雑誌
懸念的中!
首都高速中央環状線開通、いいことばかりじゃなかった

「C1」vs.「C2」実走行レポート
新宿 都庁前→羽田空港第2ターミナル 環状線実走行レポート!
羽田空港第2ターミナル

3月7日に、首都高速C2(中央環状線)の大橋JCT~大井JCTまでを結ぶ、山手トンネル(9・4km)が開通し、これまでのようにC1(都心環状線)を迂回せずに湾岸線に合流することができるようになった。

首都高速道路株式会社の予測では、新宿から羽田空港までの所要時間が、開通前のC1経由では約40分かかっていたものが、約20分に短縮されるといわれていた。

しかし、どれだけ早くなるのかなどは、実際に走ってみないとわからない。そこで今回は、編集部・林が走り初めをしつつ、所要時間などの各種情報をチェックしてきた!

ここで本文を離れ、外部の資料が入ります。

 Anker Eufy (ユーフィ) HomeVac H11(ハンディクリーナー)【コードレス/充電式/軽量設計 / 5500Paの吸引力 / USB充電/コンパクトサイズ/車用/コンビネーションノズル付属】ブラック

今回は1人での取材とあって、ハンドルから手を放さず、遠隔操作で撮影できるようにしたカメラ装置を搭載しての走行だ。

C1とC2を往復。開通による効果を検証する

今回走行したのは、開通してから5日目の3月11日(水)。この日は幸か不幸か、大きな渋滞が発生しなかった。多少の混雑でロスした分は、時間を計測して差し引き、混雑しない場合の所要時間を算出している。流れに合わせて走行したので、時間帯により道路状況が変化して、所要時間に前後はあるものの、C2を利用した方が、約10分早くなる結果となった。

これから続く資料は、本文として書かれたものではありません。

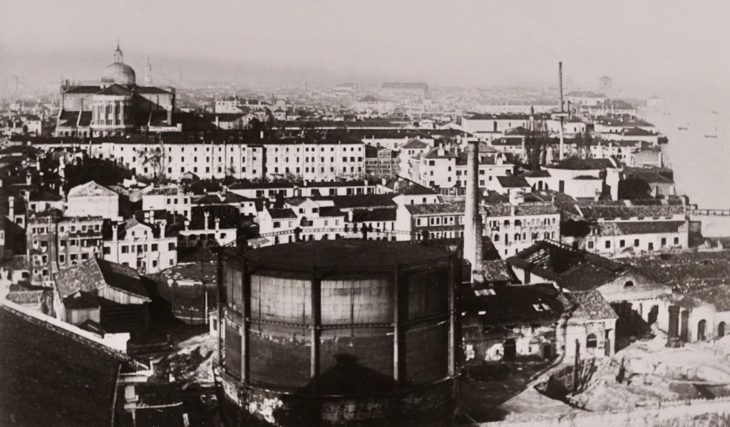 La rete veneziana, avviata nel 1839 tra le prime in Europa, nacque per alimentare in modo più moderno le circa 2.300 lampade dell’illuminazione pubblica, fino ad allora alimentate a olio grazie al faticoso lavoro di circa 150 “impizadori”, che ne curavano accensione e manutenzione. Col tempo, il gas entrò anche nelle cucine e negli impianti di riscaldamento, rendendo indispensabili i gasometri di San Francesco della Vigna, assieme a quelli del nuovo insediamento degli anni Trenta di Santa Marta nel sestiere di Dorsoduro, fino al 1972, anno in cui furono definitivamente dismessi a favore del metano della rete nazionale.

1.都庁前を出発し、新宿ランプに向かう。右側が4号新宿線への入口。左の側道へ行けば、C2の初台南入口に向かうことができる

実際に走行してみると、ほぼ全線トンネルではあるが、車線の幅は充分あり狭さは感じない。視界に関しても、LED照明が使われ、かなり明るい印象を受けた。

ただ、大井JCT付近はカーブとアップダウンが多く、ここに関しては運転に注意が必要だと感じた。事故を起こさないように、スピードの出し過ぎには注意してほしい。

距離的には、C1経由は28km、C2経由は22kmと短くなるうえ、時間的にもC1を経由するのに比べて、かなり早くなったと感じられる。初台南ICから大井JCTまでわずか約10分で到着してしまうのだ。新宿の都庁前~羽田空港第2ターミナルまで、一般道を合わせても17分程度で着けるのは非常にありがたい。

2.山手通り沿いにあるC2初台南入口。右側車線を走行しておくと入りやすい。この先合流注意だ

ただし当初の予測を裏切って、C1とC2でそれほど差が付かなかったのは、開通以前に比べて、C1の渋滞が大幅に減っていて、想定していた時間よりもかなり早かったのだ。

このことを証明するデータが、3月17日(火)に首都高速道路株式会社から、開通後1週間の利用状況がプレスリリースされたのだが、C2が全面開通してから、C1の渋滞が約5割減少し、1日平均9時間渋滞していた浜崎橋JCT(1号羽田線、11号台場線から)にいたっては、ほぼ渋滞が解消したという内容だった。

編集部・林もよく首都高を使っているが、C1が日中こんなにスムーズに走れたのは、いつぶりだろうと感じたくらいだ。